A África do Sul pode até se juntar ao PRO14 e conseguir convencer a direção dessa competição a alterar o nome para “Super Rugby: PRO16/18”, mudando toda a atenção para si e tirando essa característica ao projecto trans-tasman. Mark Robinson, os consultores que fizeram o tal report e a velha guarda que estiveram por detrás desta decisão, não têm noção das complicações que poderão vir a surgir no futuro, pondo em marcha uma luta por poderes locais e internacionais, que pode vir destruir por completo com tudo o que de bom foi alcançado pelo Super Rugby.
Entre os vários comentários e críticas que foram professadas por comentadores, adeptos e lendas, é que o Super Rugby era uma confusão e não fazia sentido. E a resposta é simples: leiam, entendam o que era o sistema competitivo e percebam que dava tudo aquilo que se quer ver num desporto físico e emotivo: troca de filosofias de jogo, jogadores de âmbitos diferentes e uma partilha de informações que ofereceram ao Hemisfério Sul algum domínio durante uma parte deste século XXI, a nível de selecções. O problema do Super Rugby, que se aguçou nos últimos anos, era o factor económico e de calendário.
Economicamente as federações e franquias estavam a ter pouco retorno para o investimento realizado, e isto se deveu à fraca comercialização da competição e de como internamente o produto foi vendido, com preços exorbitantes tanto nos bilhetes, ou de escolha de estádios demasiado “grandes” – ou seja, mais custos – quando podiam optar por actuar em terrenos de jogo mais “reduzidos” – como fazem os Crusaders ou Chiefs, por exemplo. E o calendário, ou antes, os horários que eram tóxicos para o público que estava dentro da competição, com os adeptos argentinos a terem que acordar ou se deitar a horas nada atractivas, não vendo os jogos em directo e assim não se expandindo o produto, algo que pode ser igualmente partilhado com cada uma das nações envolvidas nesta liga trans-continental.

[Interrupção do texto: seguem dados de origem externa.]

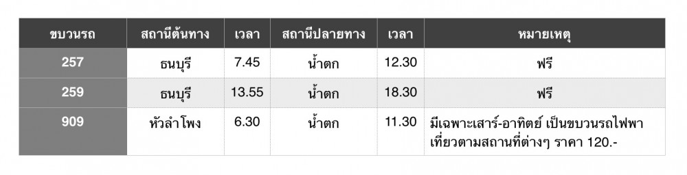 พอถึงสถานีน้ำตก ต้องนั่งรถสองแถวไปลงหน้าน้ำตกไทรโยคน้อย 20 บาท แล้วต้องไปรอขึ้นรถที่ฝั่งตรงข้ามป้ายน้ำตก(ใต้ต้นหูกวาง) จะมีรถที่ไปสังขละผ่านมา ^^
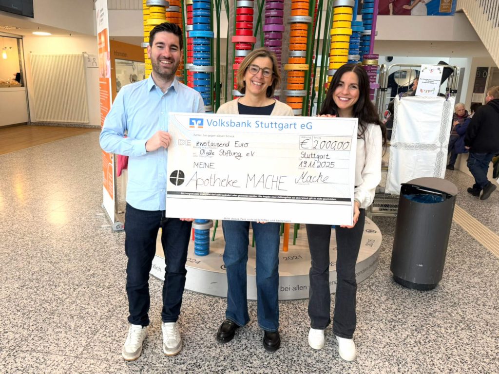 25. Februar 2026Die Apotheke Mache hat mit 2.500 Euro die Olgäle-Stiftung und damit kranke Kinder im Olgahospital unterstützt.
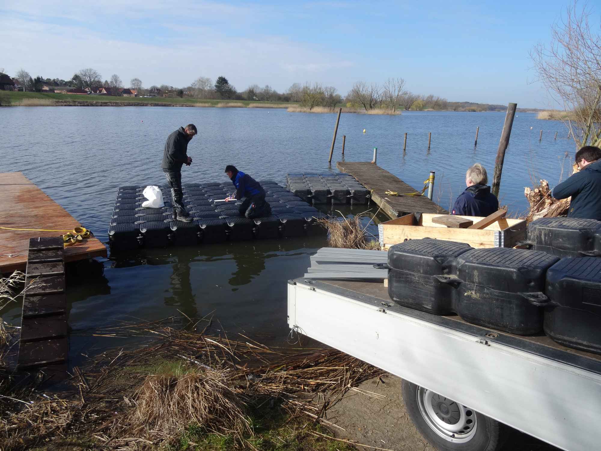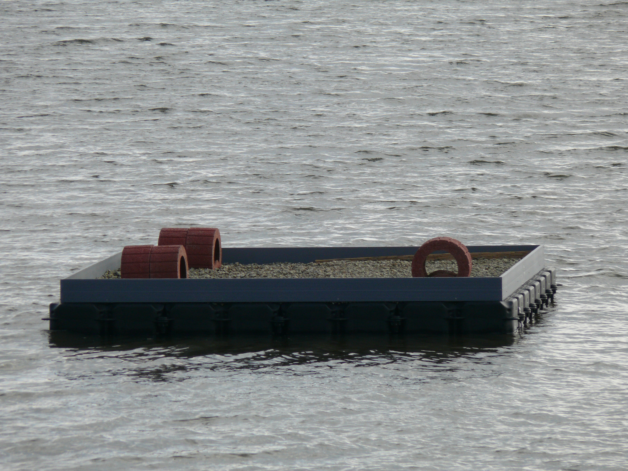 Durch das Nistfloß soll sich dies ändern: Seine schwimmende Lage verschafft den Vögeln Sicherheit vor Füchsen, Waschbären und Mardern. Die Kiesfläche ist groß genug für mehrere Brutpaare der am Boden und in Kolonien brütenden Tiere. Kleine Betonröhren bieten dem Nachwuchs, der ca. drei Wochen nach der Eiablage schlüpft und nach weiteren vier Wochen flügge ist, Versteckmöglichkeiten vor Greifvögeln.
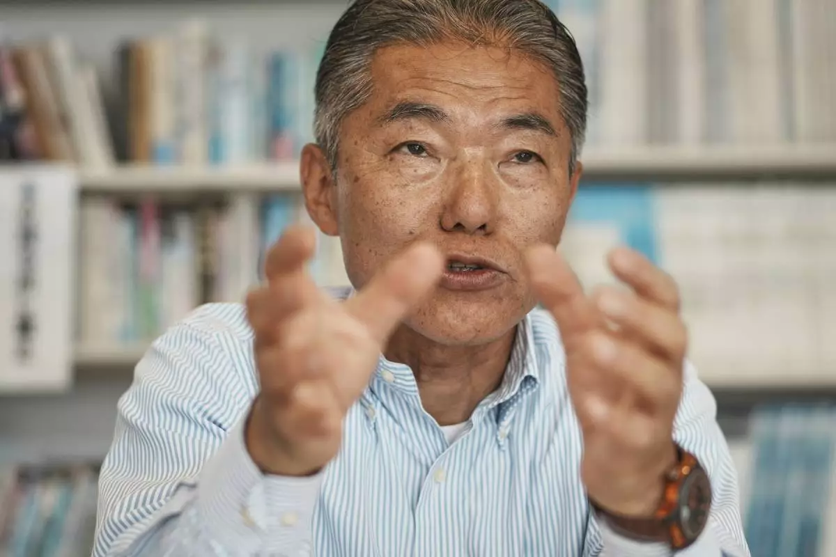 Masashi Funabara, a retired city hall employee and a "hidden" Christian speaks during an interview in the Ikitsuki Island Museum "Shima no Yakata" at Ikitsuki Island in Hirado, southern Japan, Sunday, April 27, 2025. (AP Photo/Eugene Hoshiko)
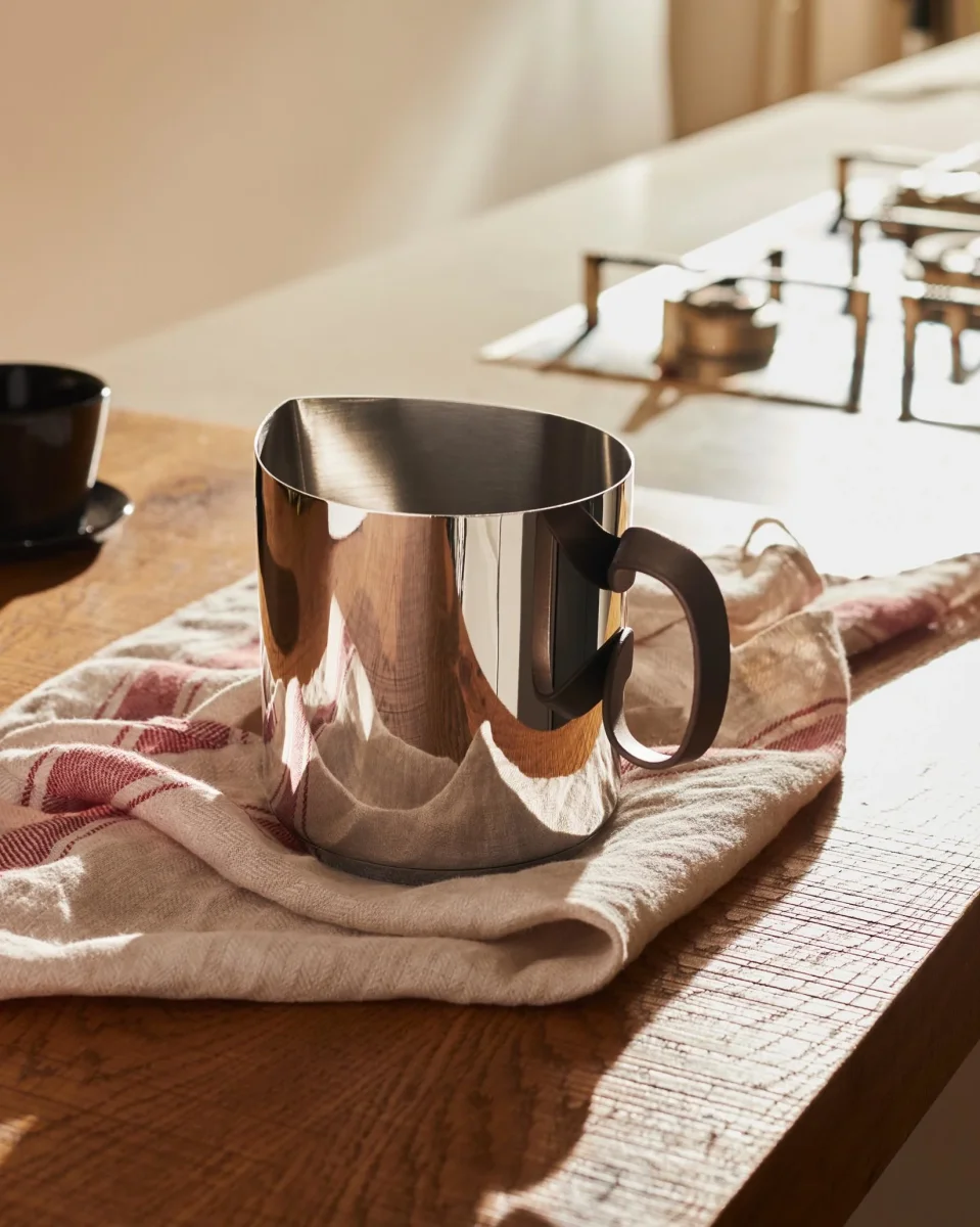 Milk boiler in 18/10 stainless steel. Handle in 18/10 stainless steel with PVD coating, brown. Magnetic steel bottom suitable for induction cooking.

Nunca houve solidariedade, consenso ou tentativa de criar uma certa igualdade partilhada por todos os participantes, optando-se pelo caminho do conflito pouco saudável que precipitou divisões e discórdias, quando era fundamental que se passasse o contrário. E esta crítica também tem de ser partilhada para com o público de cada nação, que na sua larga maioria optaram por ter um discurso supra-nacionalista que no mundo globalizado de hoje não faz sentido, ainda por mais quando a Nova Zelândia vive das exportações e turismo, não podendo se fechar sobre si e viver pacificamente no seu canto.
Efectivamente, a Nova Zelândia aproveitou o momento para dar um passo em frente, com o objectivo posto em dominar a Oceania e a lançar a África do Sul num pântano denso em relação ao que fazer com as suas franquias, tentando sair na frente com já a sua própria competição do Super Rugby Aotearoa. Viram que tudo e todos estavam a seguir atentamente a liga, e sentiram que eram o produto mais importante de todos dentro do Hemisfério Sul, esquecendo-se que neste momento não há qualquer competição de rugby a ser jogada, não tendo competição de mercado. A questão é quando o rugby europeu voltar já em Agosto e começar a se sobrepor novamente no que toca à econômica desportiva, sem esquecer o impacto que o Japão vai ter já em 2021, podendo estes dois fatores afetar por completo com o plano da NZR em ser a superpotência a nível de clubes que não o é.
O Super Rugby acabou e seria de incrível mau tom que a NZR, AR ou SAR continuassem fazer uso de uma marca que não é sua individualmente, mas seria natural que todos sentissem direito a usar a nomenclatura e o peso da marca perante a arrogância generalizada, o discurso nacionalista e a postura de que são mais superiores do que qualquer um dos seus adversários.